Tiling as a Durable Abstraction for Parallelism and Data Locality

Didem Unat  Cy Chan  Weiquon Zhang  John Bell  John Shalf
Lawrence Berkeley National Laboratory
1 Cyclotron Rd, Berkeley, California, USA 94720
dunat, cychan, weiquonzhang, jbbell, jshalf @lbl.gov

Abstract—Tiling is a useful loop transformation for expressing parallelism and data locality. Automated tiling transformations that preserve data-locality are increasingly important due to hardware trends towards massive parallelism and the increasing costs of data movement relative to the cost of computing. We propose TiDA as a durable tiling abstraction that centralizes parameterized tiling information within array data types with minimal changes to the source code. The data layout information can be used by the compiler and runtime to automatically manage parallelism, optimize data locality, and schedule tasks intelligently. In this paper, we present the design features and early interface of TiDA along with some preliminary results.

I. INTRODUCTION

There are two main trends in the computer architecture that legitimately concern application developers. First, exponential increases in raw parallelism has replaced nearly two decades of clock rate improvements in a microprocessor. From now on, applications must rely extensively on explicit fine-grained parallelism as a main source of performance improvement. Second, the energy cost of moving data is not improving as fast as the energy required for computation. In the future data movement is expected to become the leading contributor to power consumption and cost of future machines [1].
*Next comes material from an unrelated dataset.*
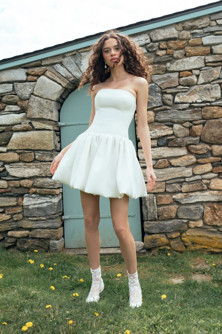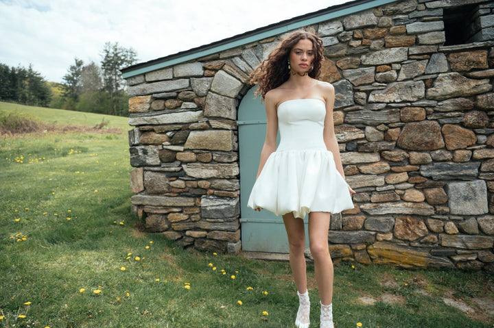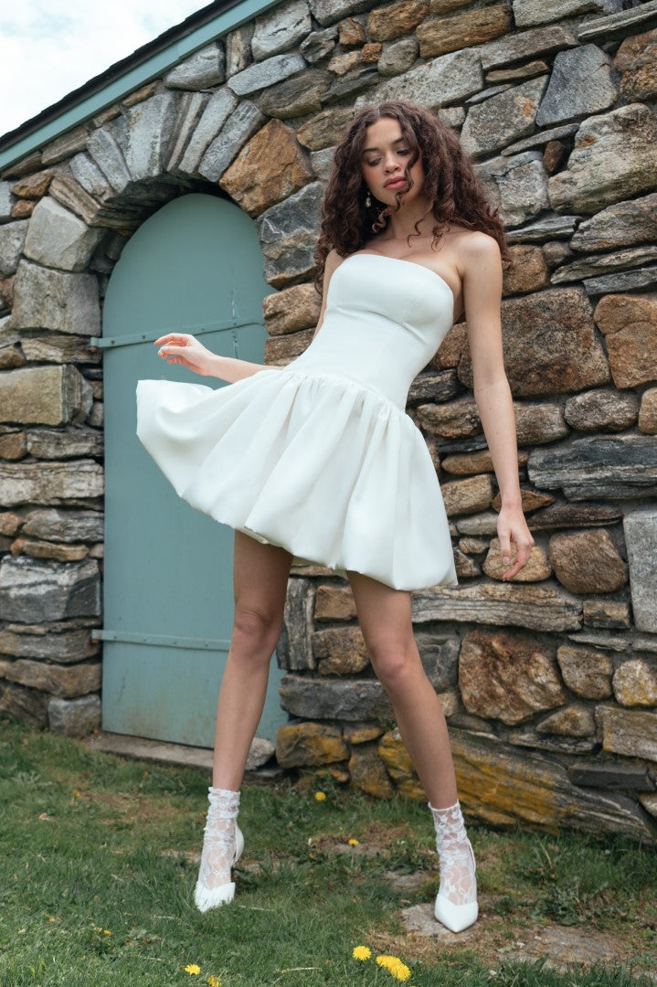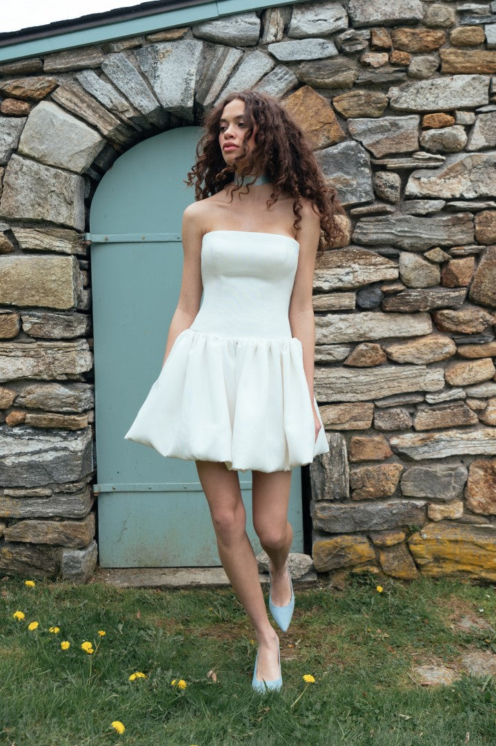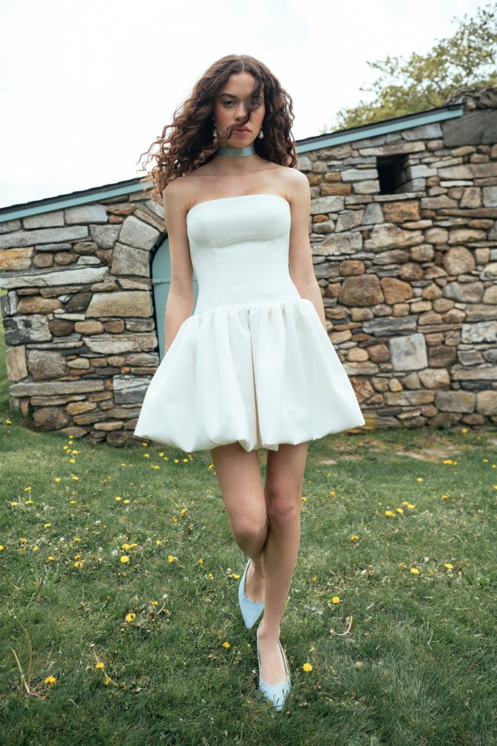 Fun and refined, Tinsley by Jenny Yoo features a chic straight neckline, dropped waist, and bubble skirt with hidden pockets. A playful yet elegant party mini.
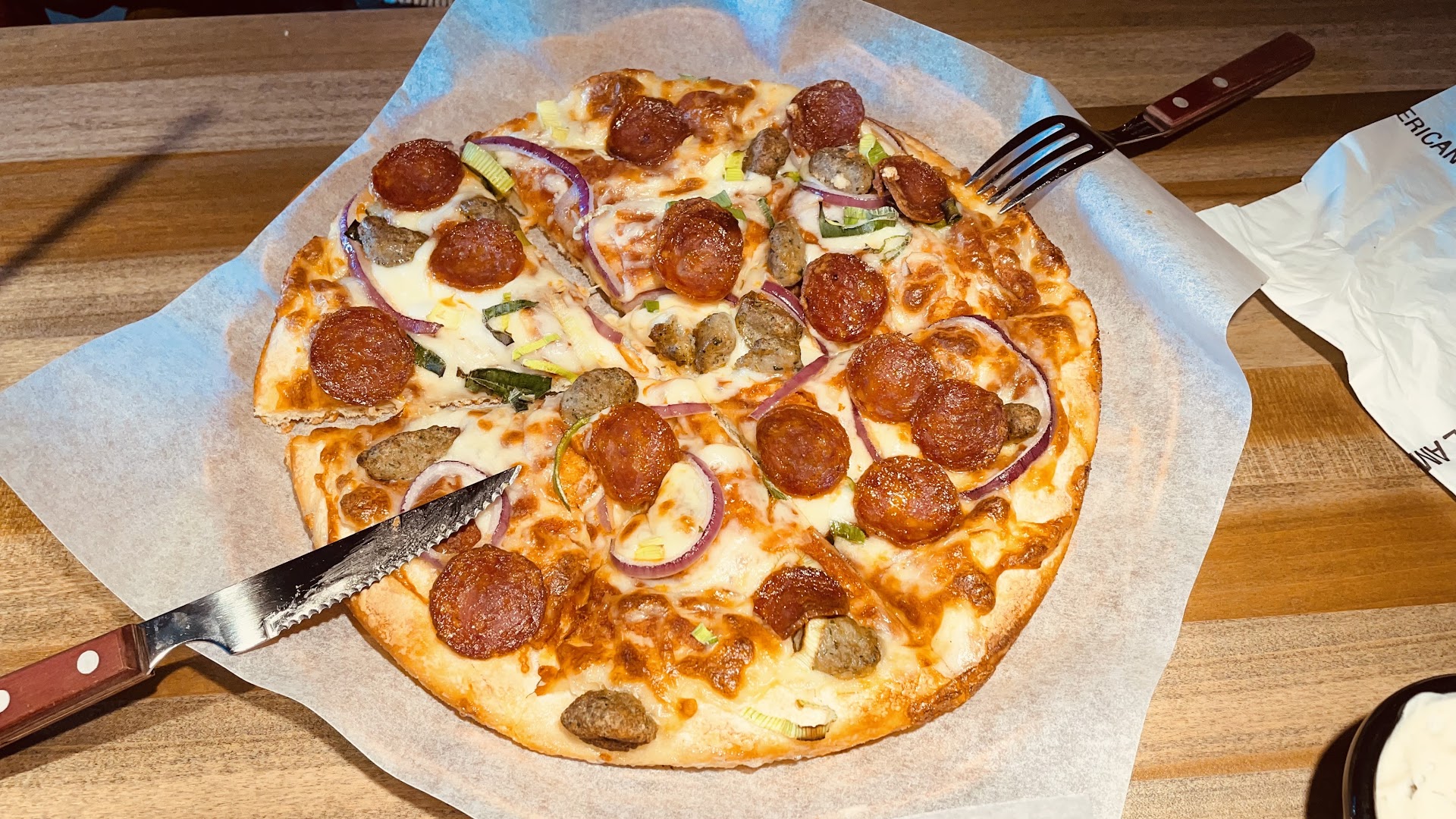 My partner and I ordered two pizzas. Mine was a Green Light Cauli Truffle pizza and my partners was a Oumph! (Vegan meat) pizza.

Whereas current programming environments were designed to assume modest growth in parallelism, uniform costs for communicating, and that FLOPs are most expensive (often at the expense of data movement), the future of computing hinges on preserving data locality (sometimes at the expense of FLOPs) and minimizing data movement.

In order to minimize data movement, applications have to be optimized both for vertical and horizontal data movement. Vertical data movement concerns the management of data through the memory hierarchy from memory to processing units and has to be tuned to increase data reuse in on-chip memory. Horizontal data movement concerns the locality management of non-uniformity in bandwidth and latencies to on-chip memory. The NUMA (non-uniform memory access) issues are already prevalent for on-chip data movement and will be more conspicuous on 1000-core chips, leading to serious performance consequences. To address the programming challenges that result from these trends in computer architecture, programming models play a crucial role in abstracting the complexity for programmers. Current programming models assume equal cost for all data accesses and rely on the cache to virtualize data movement, not reflecting reality in the computer architecture. Thus, application developers need a richer interface to express parallelism and data locality requirements of an algorithm.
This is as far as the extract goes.